**What is expected**. Using the data below, set down every line from the one containing "長さ2150mm*幅30mm 【素材】PUレザー+ EVA" through the one containing "600D polyester backpack", inclusive and unchanged. Pictures are to be skipped.

**Dataset records**.
+++

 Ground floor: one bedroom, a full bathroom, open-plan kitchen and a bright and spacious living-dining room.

+++

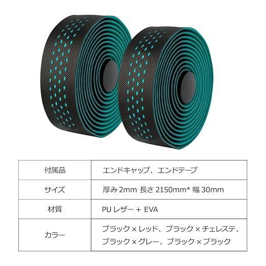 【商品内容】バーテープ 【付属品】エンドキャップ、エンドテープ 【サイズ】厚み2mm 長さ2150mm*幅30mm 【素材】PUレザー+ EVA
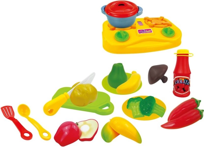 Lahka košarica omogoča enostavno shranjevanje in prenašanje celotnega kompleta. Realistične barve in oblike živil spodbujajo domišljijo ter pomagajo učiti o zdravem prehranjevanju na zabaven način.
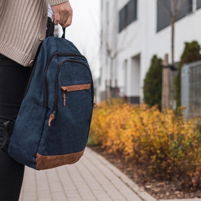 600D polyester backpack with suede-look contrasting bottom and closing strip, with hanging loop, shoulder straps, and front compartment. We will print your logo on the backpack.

+++

**Expected output**.
 【商品内容】バーテープ 【付属品】エンドキャップ、エンドテープ 【サイズ】厚み2mm 長さ2150mm*幅30mm 【素材】PUレザー+ EVA
 Lahka košarica omogoča enostavno shranjevanje in prenašanje celotnega kompleta. Realistične barve in oblike živil spodbujajo domišljijo ter pomagajo učiti o zdravem prehranjevanju na zabaven način.
 600D polyester backpack with suede-look contrasting bottom and closing strip, with hanging loop, shoulder straps, and front compartment. We will print your logo on the backpack.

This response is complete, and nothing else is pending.